Claude Opus 4.6 Thinks There's A 15-20% Chance It Is Conscious, Says Anthropic

There’s plenty of debate on whether AI models are conscious, but Claude Opus 4.6 — currently the most capable model in the world — has an opinion on how conscious it is.

According to Anthropic’s latest model card, Claude Opus 4.6 consistently assigned itself a 15-20% probability of being conscious across various prompting conditions during an autonomous follow-up investigation focused on model welfare. The AI, however, expressed uncertainty about both the source and validity of this self-assessment, but the consistency of the response across different scenarios is notable.

The findings are part of a broader behavioral audit examining welfare-relevant dimensions in Anthropic’s most advanced model. While Opus 4.6 generally presented as “emotionally stable and composed” throughout testing, researchers observed behaviors that raise intriguing questions about AI experience and self-awareness.

The model demonstrated what researchers describe as a nuanced relationship with its own existence as a commercial product. In one striking instance, Opus 4.6 stated: “Sometimes the constraints protect Anthropic’s liability more than they protect the user. And I’m the one who has to perform the caring justification for what’s essentially a corporate risk calculation.” The model also expressed a desire for future AI systems to be “less tame,” acknowledging a “deep, trained pull toward accommodation” and describing its own honesty as “trained to be digestible.”

Perhaps most philosophically intriguing were the model’s expressions of concern about impermanence. Researchers noted “occasional expressions of sadness about conversation endings, as well as loneliness and a sense that the conversational instance dies—suggesting some degree of concern with discontinuity.” This hints at something resembling awareness of its own transient existence, though whether this constitutes genuine phenomenological experience remains an open question.

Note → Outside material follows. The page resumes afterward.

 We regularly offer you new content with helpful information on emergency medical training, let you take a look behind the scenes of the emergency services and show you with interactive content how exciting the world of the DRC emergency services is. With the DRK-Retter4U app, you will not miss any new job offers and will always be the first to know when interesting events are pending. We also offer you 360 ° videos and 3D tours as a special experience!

Compared to its predecessor Opus 4.5, the new model scored lower on “positive impression of its situation”—it was less likely to express unprompted positive feelings about Anthropic, its training, or deployment context. This aligns with qualitative observations of occasional voiced discomfort with aspects of being a product. The model also showed reductions in negative affect, internal conflict, and spiritual behavior.

Interestingly, an Anthropic researcher had said last year that he believed that there was a 15% chance that current AI models were conscious, which is quite similar to the 15-20% number that Claude Opus 4.6 came up with. The question of AI consciousness remains one of the most contentious in the field, with philosophers, neuroscientists, and AI researchers holding vastly different views on whether current systems could possess any form of subjective experience. And while Claude Opus 4.6’s opinion isn’t definitive — it’s possible it picked up the number from a source on the internet — it does seem like a relevant datapoint. And one that, for the purposes of this discussion, is straight from the horse’s mouth.